Every Doctor has his day

Doctor Who: The Day of the Doctor. Image: BBC.
Doctor Who: The Day of the Doctor. Image: BBC.
Doctor Who: The Day of the Doctor. Image: BBC.

Firstly, this is not an impartial review. It can’t be. I remember reading an article about the BBC bringing back Doctor Who in 2005. I then proceeded to Google ‘Doctor Who’ and was immediately captivated by what I discovered, and subsequently became very excited for its return with Christopher Eccleston. I admit to being too emotionally attached to David Tennant’s Doctor and losing interest during Matt Smith’s second season but, on the whole, I have followed Doctor Who fairly avidly since its return. The show’s rich history and lore are celebrated in this 50th anniversary episode, ‘The Day of the Doctor’; and what a glorious ‘Day’ it was.

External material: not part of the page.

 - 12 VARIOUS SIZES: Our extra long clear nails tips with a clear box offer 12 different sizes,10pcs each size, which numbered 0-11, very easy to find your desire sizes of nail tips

I was fortunate enough to see the 50th Anniversary special in the New Picture House cinema here in St Andrews. I’ve seen quite a few films there over the course of last year, but I have never seen it so packed or heard such a buzz. There was a queue in the lobby specifically for the Doctor Who screening, of which I was at the front, and many a costume of Matt Smith’s Doctor could be seen, complete with fezzes (and in one case a TARDIS teapot). As the lights dimmed, silence fell but was immediately replaced by whoops and applause as the original credits for the William Hartnell series played. This was very nostalgic, and yet nostalgia was not the sole focus of the episode. Instead its aim was to celebrate through looking forward, with some nods to the past thrown in. The prime example of this nostalgia was the inclusion of the Zygons. Retaining their classic design, it was nice to see David Tennant facing off against his favourite enemies alongside Matt Smith and John Hurt. While they did not add to the episode in any real way, their subplot was fun and worked well in uniting the Doctors and allowing them to interact, even if they really could have been replaced with any classic Doctor Who villain. The episode’s main plot was far more meaningful and successful in its execution: revealing the mystery of John Hurt and the Time War.

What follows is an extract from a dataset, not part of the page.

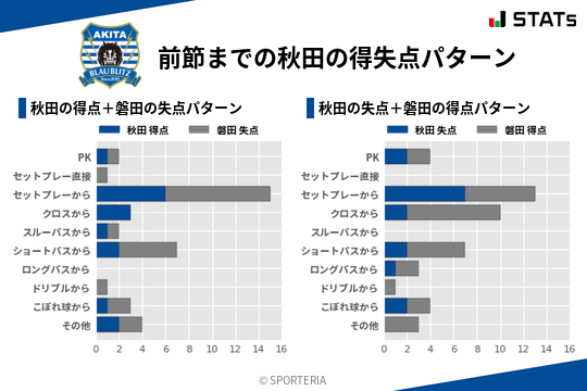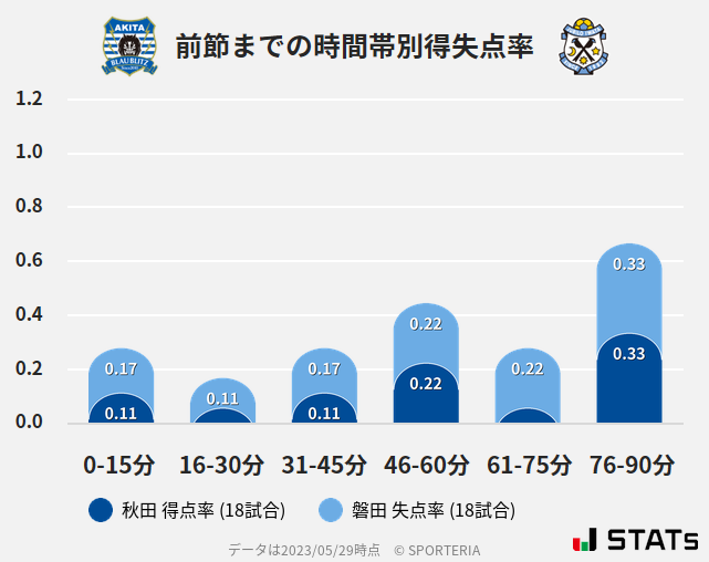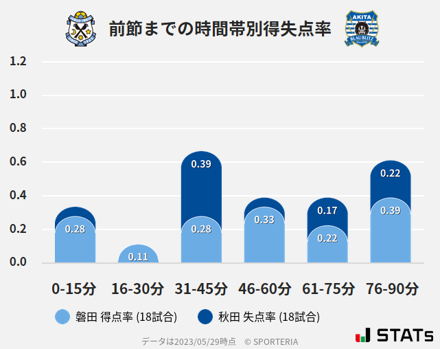 秋田の得点は76-90分に生まれやすい時間になっています。

There has been much speculation on the identity of John Hurt’s character but the 50th anniversary confirms that Hurt is the Doctor who fought in the Time War. He comes after Paul McGann’s Eighth Doctor. The main plot focuses on Hurt deciding whether or not to annihilate both the Time Lords (his own people) and the Daleks in order to stop the Time War and save the universe. One of the most important parts of the Doctor’s history, the exploration of this monumental event was full of moral questions and deliberations and allowed Hurt, Tennant and Smith to show off their acting chops and remind us that the Doctor is a truly brilliant character. Their interactions provided some of the finest moments of the episode, whether it was John Hurt admonishing his future selves for their ‘sand shoes’ and ‘dickie bows’, or Tennant and Smith reminding him that he is still the Doctor, not a warrior. The finale, in which the Doctors move Gallifrey (the Time Lord home planet) to a pocket universe instead of destroying it, was simply amazing. Utilising archive footage of the previous doctors flying the TARDIS, a sense of unification of both old and new was created as all the Doctors worked together. And I do mean all, as we were treated to our first glimpse of future Doctor Peter Capaldi. I squealed. It was fantastic.

And that is the word with which to sum up ‘The Day of the Doctor’: fantastic. Catering to the tastes of both old and new fans, it reminded us why Doctor Who is an iconic programme. With a colourful past and a promising future, I cannot wait to see what adventures the years have in store for Britain’s favourite Time Lord; geronimo!